Get XOR checksum with this command-line tool

Awesome Lists containing this project

README

        

# xorsum


XOR symbol at upper-left corner, plus-sign at bottom-right corner

## Algorithm

It uses the [XOR-cipher](https://en.wikipedia.org/wiki/XOR_cipher) to compute a [checksum](https://en.wikipedia.org/wiki/Checksum) digest. Basically, it splits the data in non-overlapping chunks (padding the remainder with `0`s), where each chunk's length equals digest size, and XORs all chunks together into an output chunk (the final digest).
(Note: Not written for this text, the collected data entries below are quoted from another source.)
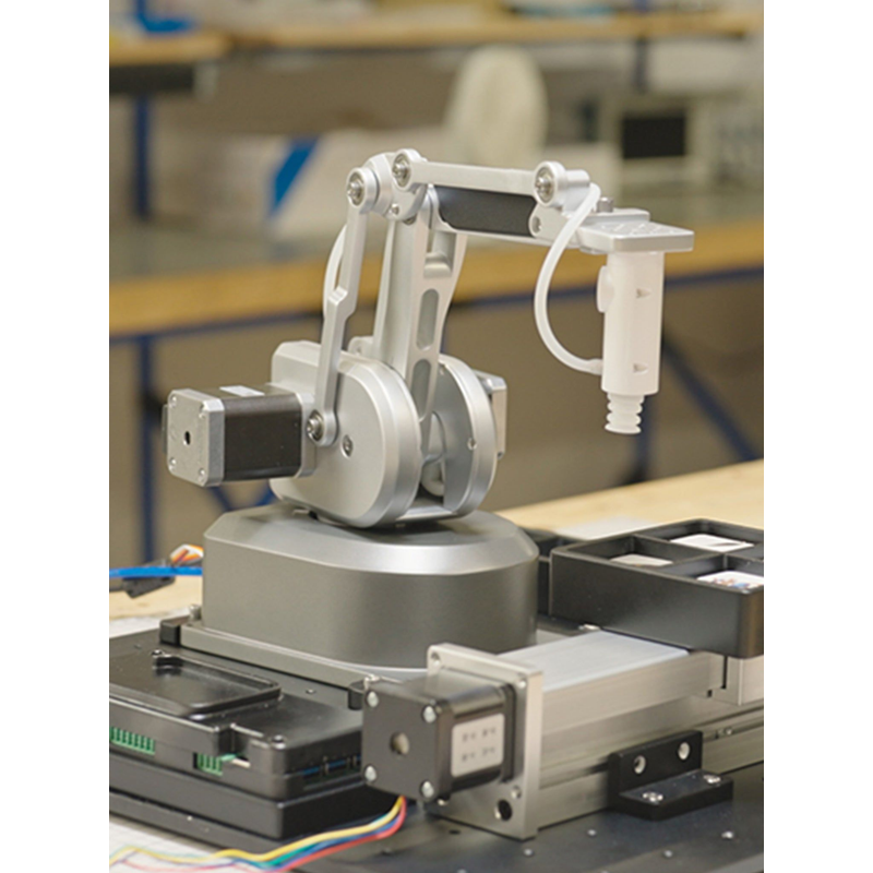 ultraArm is a small desktop robotic arm. It is designed with classic metal structure and occupies only an area of A5 paper. It is equipped with high-performance stepper motors, and it owns ±0.1mm repeated positioning accuracy and high stability. UltraArm can achieve the precise writing and drawing, laser engraving, and can be freely matched with multiple accessories such as slide rail, conveyor belt, myAGV and cameras. It can complete different practical training projects according to different needs, and is widely used in many fields such as higher education, scientific research, vocational application education, etc.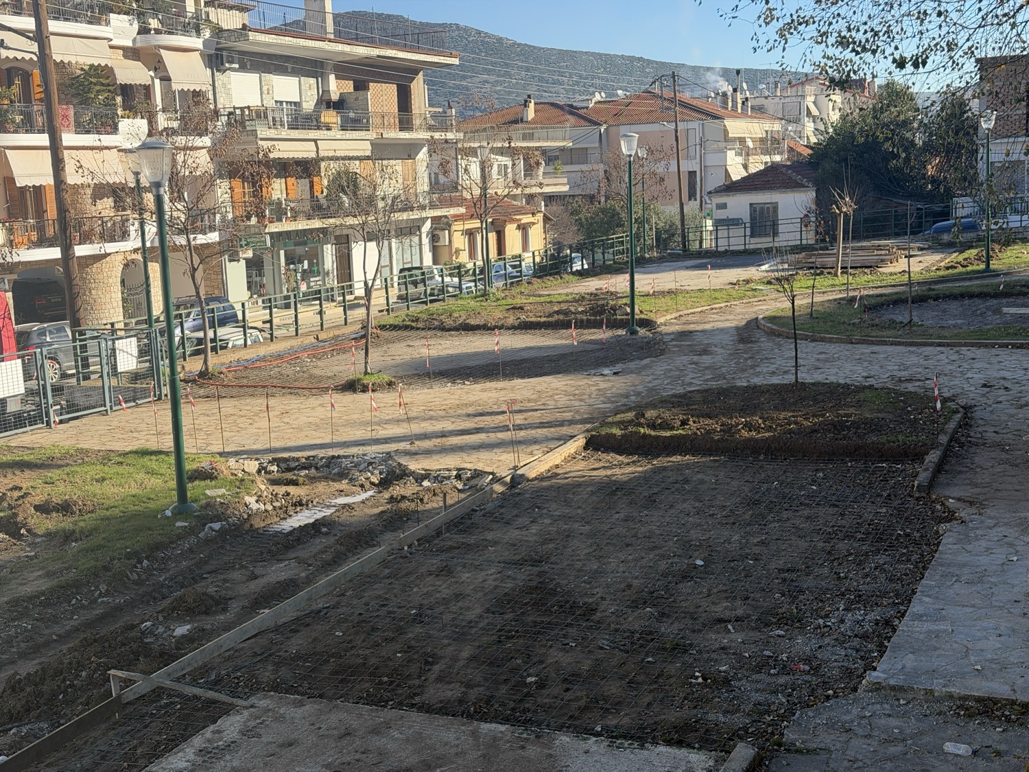 Ήδη έχουν ολοκληρωθεί οι αποξηλώσεις των παλαιών οργάνων παιδικής χαράς και του αστικού εξοπλισμού, με πρόβλεψη ώστε μέρος αυτών να επανατοποθετηθεί. Παράλληλα, απομακρύνονται υφιστάμενα κιγκλιδώματα για τη δημιουργία νέας εισόδου στη νοτιοανατολική πλευρά, η οποία θα συνδυάζεται με ράμπα πρόσβασης ΑμεΑ.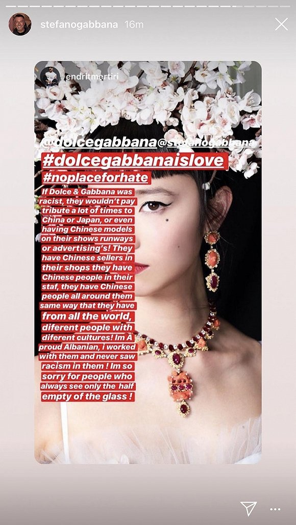 “如果Dolce & Gabbana真的是种族歧视,我们不会那么多次对中国和日本致敬,或者请中国模特和拍摄与中国有关的广告。” Gabbana写道。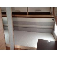 Het dwars geplaatste bed biedt voldoende ruimte voor 2 personen. Om het u aan niets te laten ontbreken, zijn de bedden voorzien van zowel lattenbodems als traagschuimmatrassen. In de comfortabele badkamer van deze caravan vindt u behalve een wastafel ook een ingebouwd cassettetoilet.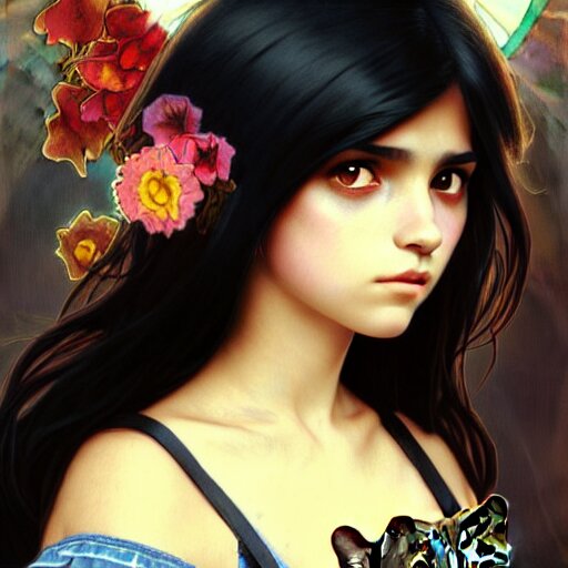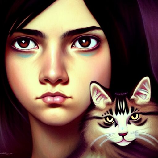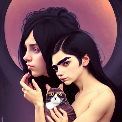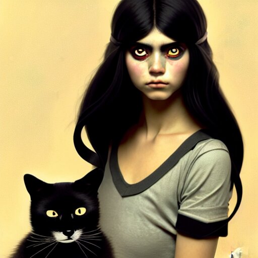 Emo mexican girl and her cat, with long dark hair, thick eyebrows!!! deep dark big shiny eyes and dark circles!, wide nose!, oval face shape, by juan villafuerte, greg rutkowski and alphonse mucha, pexels contest winner, high quality photo, rtx, hd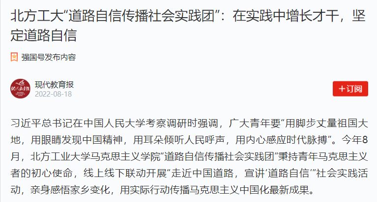 日前,“学习强国”平台对jdb电子“道路自信传播社会实践团”暑期社会实践活动做了专篇报道。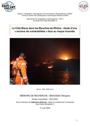 " Le 4 août 2020 à Martigues dans les Bouches-du-Rhône, près de 1000 hectares sont partis en fumée. La particularité de cet incendie est a été sa trajectoire : le feu ne s’est arrêté qu’au bord de l’eau. Cet incendie est un événement majeur pour la Côte Bleue, le territoire situé sur le littoral auquel appartient la commune de Martigues. Une étude de terrain, menée par de nombreuses rencontres avec des habitants et professionnels du risque ce territoire, a permis d’identifier les vulnérabilités de la Côte Bleue. Elle est considérée comme une enclave face au risque incendie : caractérisée par une topographie particulière, un climat très sec et une exposition au vent importante, la Côte Bleue fait face depuis de nombreuses décennies à des feux très intenses et rapides. Ces incendies à répétition posent la question de la résilience du territoire face aux feux, et la question du désenclavement de cette côte souvent prise au piège entre l’eau et le feu. La question de l’enclavement se pose particulièrement dans les calanques. Par sa position littorale, la Côte Bleue fait face à une fréquentation estivale accrue : ce tourisme important pose la question de la culture du risque chez les populations transitoires, ainsi que la question de l’accessibilité en cas d’incendie sur des routes engorgées. Par de gros efforts de prévention et un maillage territorial et interservices majeur, les acteurs de la Côte Bleue sont en capacité de faire face aux vulnérabilités inhérentes à la configuration du territoire, en particulier lors de la saison la plus à risque. "
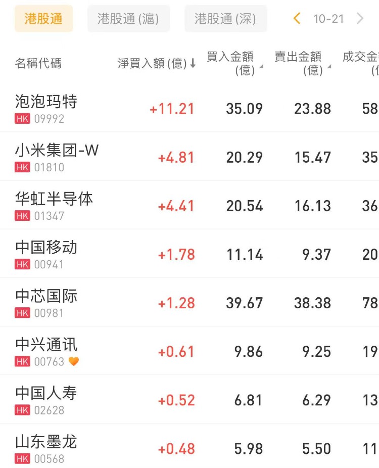 北水净买入最多的个股是泡泡玛特、小米集团-W、华虹半导体,分别净买入11.21亿港元、4.81亿港元、4.41亿港元。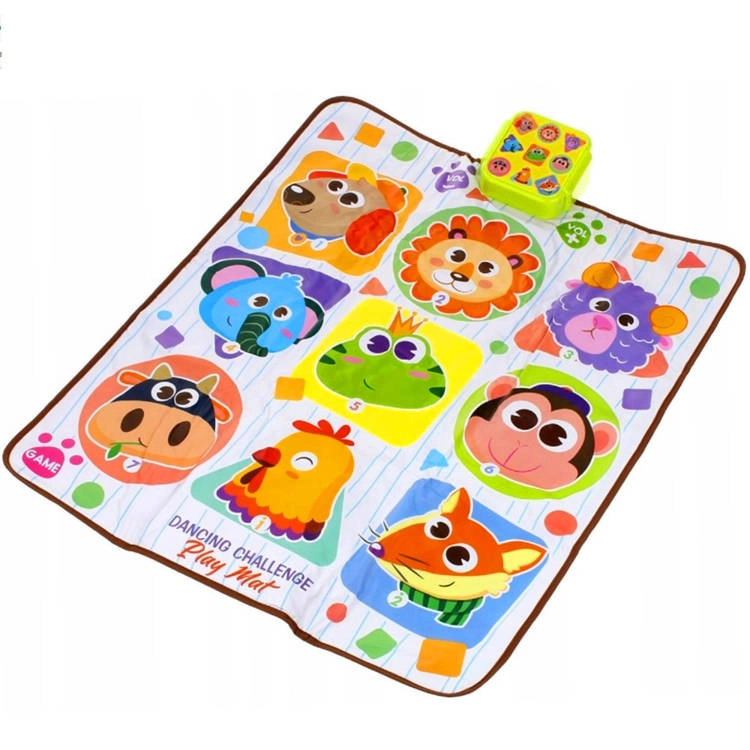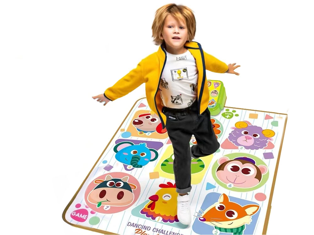 Jūsų vaikas puikiai praleis laiką su šiuo interaktyviu šokių kilimėliu, kuris siūlo kelis žaidimo lygius su spalvingais gyvūnėlių raštais. Kiekvienas žaidėjas turi dėti rankas arba kojas ant apšviestų elementų skydelyje su įvairiais gyvūnais.

This isn't a good [HF](https://en.wikipedia.org/wiki/Hash_function). It lacks the [Avalanche Effect](https://en.wikipedia.org/wiki/Avalanche_effect), because flipping 1 input bit flips 1 output bit.

## Program

The raw digest size is 8octets by default, but can be set to any valid `usize` value with the `--length` option. The printed size is 16Bytes, because of ASCII hexadecimal expansion.

> Why 8B?

That was a _somewhat_ arbitrary decision. I've choosen 8 because it's the geometric-mean of 4 and 16, CRC32's and MD5's digest-sizes, respectively. 8B is easier to implement (in many langs) than 16B, when a constant fixed size is desired, because it fits in `u64`.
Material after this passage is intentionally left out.